=== Supplied data ===

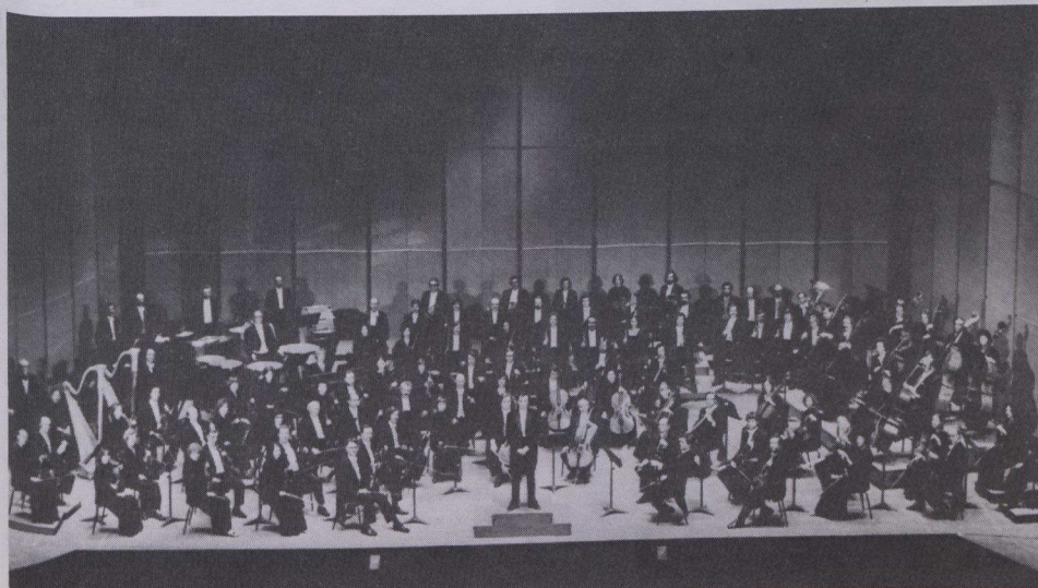
L'Orchestre symphonique de Montréal en concert.
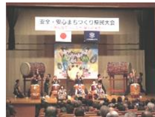
農経高校拓心太鼓部の和太鼓演舞
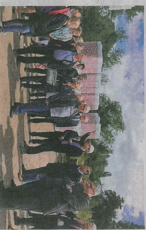
L'architecte a expliqué ses choix de conception et de matériaux, le tout dans un respect de l'environnement optimum.
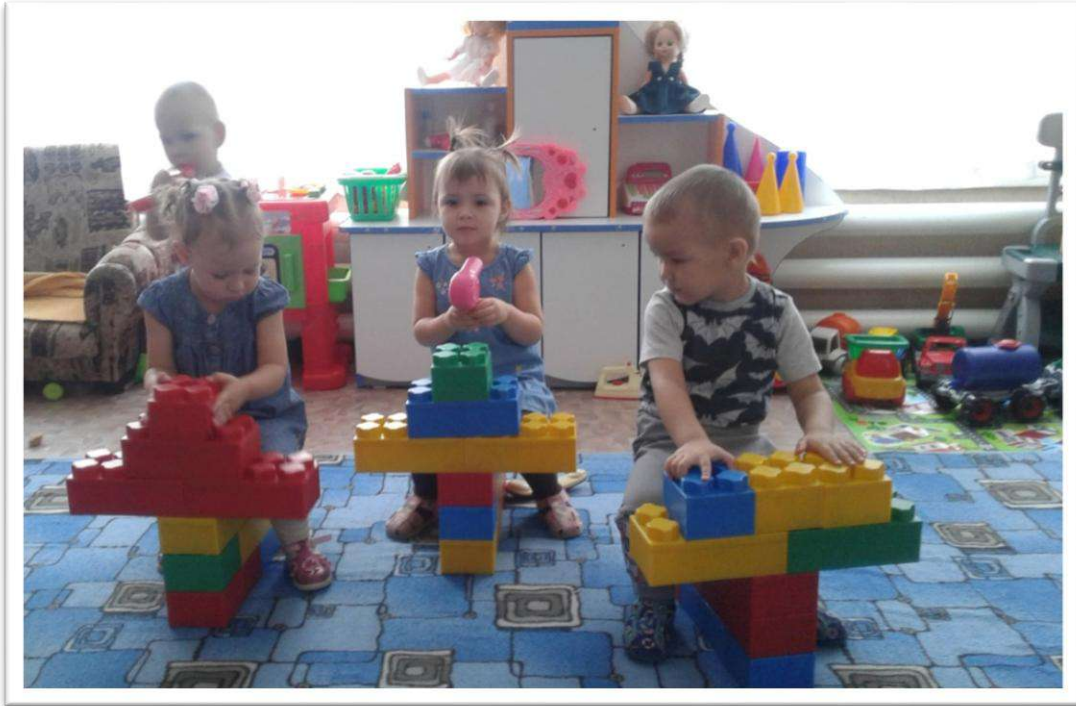
Сюжетно – ролевая игра «Семья» сюжет: «Я катаюсь на велосипеде»

===

▶ **Work required**
Each line from the one containing "農経高校拓心太鼓部の和太鼓演舞" through the last line above should be retyped exactly, and no other line. Any picture is to be left out.

▶ **Final answer**
農経高校拓心太鼓部の和太鼓演舞
L'architecte a expliqué ses choix de conception et de matériaux, le tout dans un respect de l'environnement optimum.
Сюжетно – ролевая игра «Семья» сюжет: «Я катаюсь на велосипеде»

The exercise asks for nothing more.